New figures from mental health research charity MQ show that four in 10 (42%) people in the UK have come to believe that mental illnesses such as anxiety and depression are now an inevitable part of life, such is the lack of understanding and action around mental health.
According to MQ, 84% say that not enough is being done to tackle mental illness for the future, and 68% of parents believe that having more education about mental illnesses could prevent suffering for future generations.
MQ say that three children in an average class are affected by a diagnosable mental illness. But many are waiting a decade between experiencing their first symptoms and getting help.
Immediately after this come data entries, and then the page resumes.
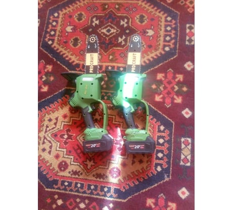 На момент покупки, у меня уже была такая пила, так что я знал, что приобретаю. Дело в том, что именно такую пилу РКА-20, очень трудно найти (достать), на рынке, или в магазинах которые торгуют электроинструментом, а я хотел только такую, и в итоге, пила меня не подвела. Моя первая пила, в течении 4-5 сезонов (я даже и не знаю точно, когда я ее купил, так давно она у меня), мне помогала без всяких фокусов, все что от нее требовалось, с тем она без проблем и справлялась. На эту пилу трудно найти запчасти, ну в частности например звёздочку, да и шину, именно такую, найти невозможно. Поэтому и было принято решение, купить точно такую же, про запас, вряд ли, для дачи, можно выбрать пилу лучше, включая даже как бензо, так и со "шнурком". Пила не боится трудностей, и даже ветки (стволы), толщиной под 30 сантиметров, грызет как ягуар, вы не дождетесь от нее, что она уйдет в защиту, эта пила проходит любые ветки, как тот вездеход. К тому же, она очень мобильна, увертлива, и редко когда приходится пилить двумя руками. Шина имеет такой удачный размер как в длину, так и по высоте, что инструмент может быть полезен не только как пила, а и как топор, и даже секатор, то есть, если вы спилили большую ветку, можно пилой вести просто как топором, спиливая с этой ветки, ветки поменьше, получается гораздо быстрее, и эффективнее топора. Рез у пилы всегда ровный, масло, ни разу не помню, когда в течении дня доливал, всегда в конце работы только сливал остаток, поскольку как пилу не ложи, на следующий день, под ней лужа, это и с новой так же, видно это их беда, так что масло лучше перед хранением сливать. Что касается аккумуляторов, то если не заниматься заготовкой дров, а просто использовать пилу, например на дачном участке, то два аккумулятора, хватит пилить, с утра до вечера. Обе пилы, шли в картонной коробке, я для них, приобрел вот такой саквояж, туда ещё и сабельная пила влезла. Есть в сумке место, и для запасных цепей, шин, пилок ( полотен), и даже ещё и масло поместится. Пилы очень надёжные и выносливые в работе, не греются, ни сам агрегат, ни шина, как говорится, такой инструмент находка, у любого хозяина, во всяком случае лишним точно не будет.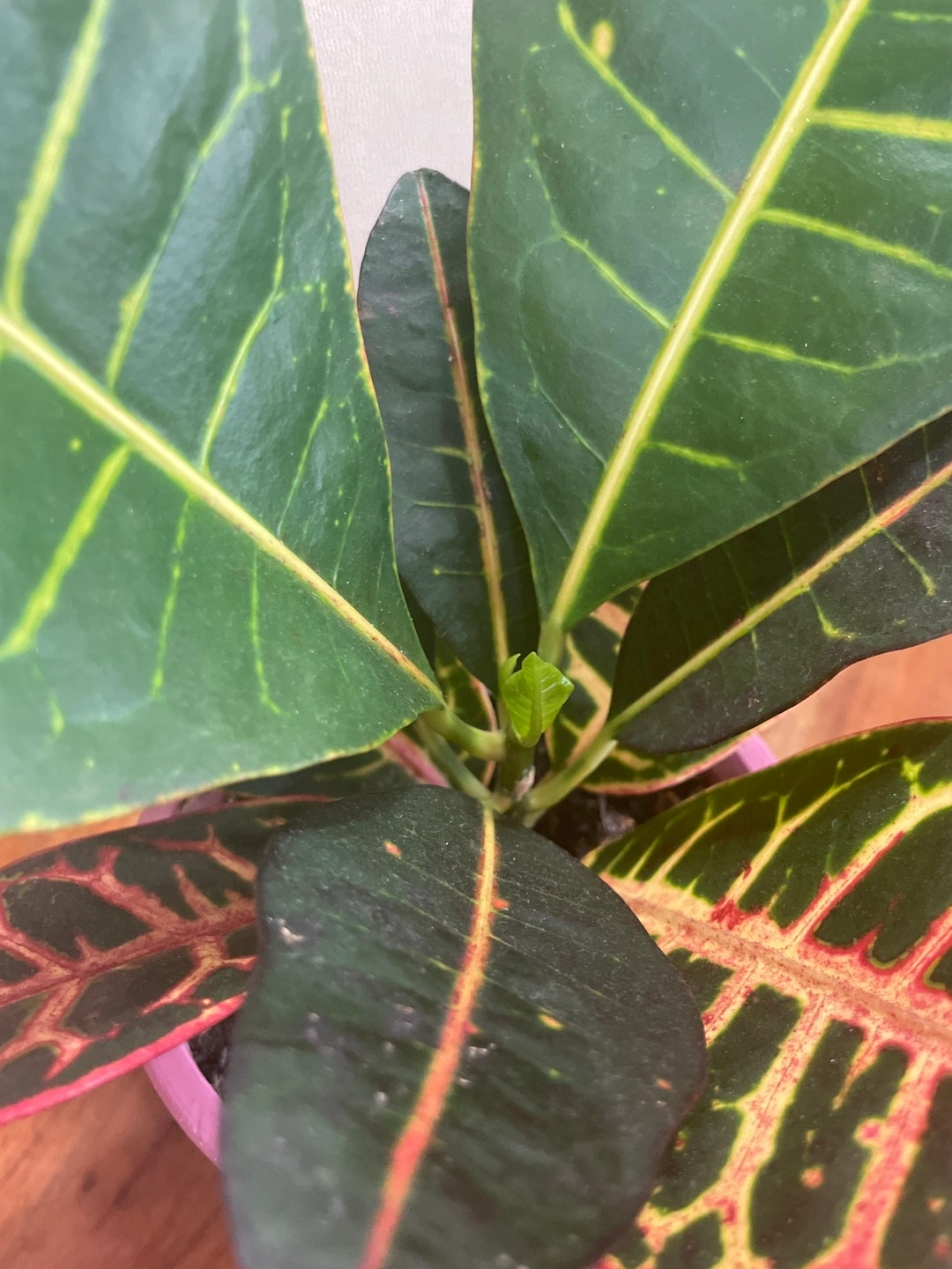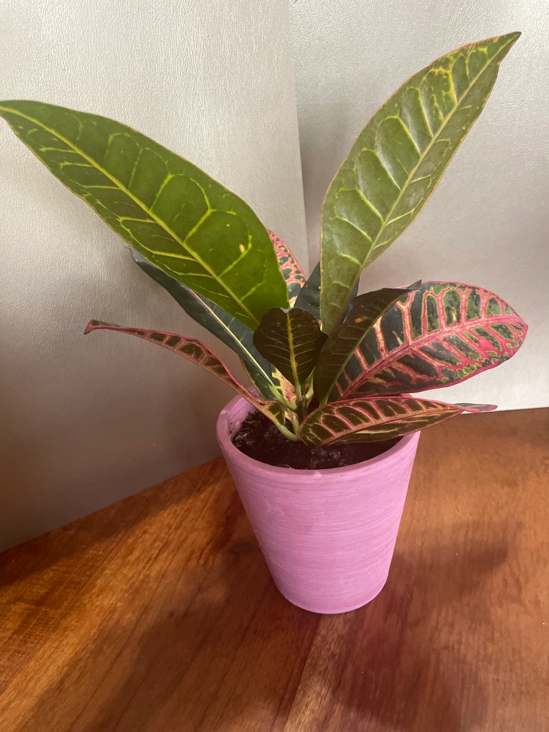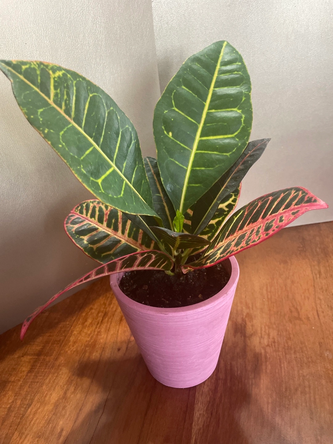 Small Croton plant in a pink pot. Healthy with new growth. Great for a new place ๐ธ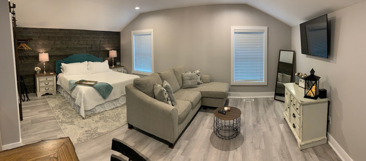 Beliggenhed, beliggenhed, beliggenhed! Suiterne på 3. ligger lige midt i det charmerende centrum Hermann. Gå hen til de steder, du gerne vil. Tager du Amtrak ind til byen? Vi er kun et par blokke væk. Dette opslag er for Suite 1 og har 1 soveværelse og 1 badeværelse. Roku TV, så du kan logge på din foretrukne streamingtjeneste (ingen kabel-tv) Send mig en besked for at få oplysninger om, hvordan du booker mere end én suite. Vi har i alt 5 suiter med i alt 8 soveværelser. Nem indtjekning uden kontakt!

Only a quarter of young people referred to services receive appropriate care.
Overall only £8 is spent on research per person affected on mental health in the UK, which is 22 times
less than per person for cancer (£178) and 14 times less than dementia spend (£110).
Despite 75% of mental illness starting before the age of 18, less than 30% of the total mental health research spend is focused on children and young people. As a result, the majority of mental healthcare resources are not designed or developed for young people, leading to poor treatment outcomes in young people and hindering prevention efforts.
Dame Rosie said “Mental illness should not be seen as an inevitable part of life. The current state of
mental health treatment would simply never be accepted for a physical condition.
“MQ’s ‘We Swear’ campaign aims to make it clear that radical change is needed right now and they are asking the public to ‘Swear to take on mental health.’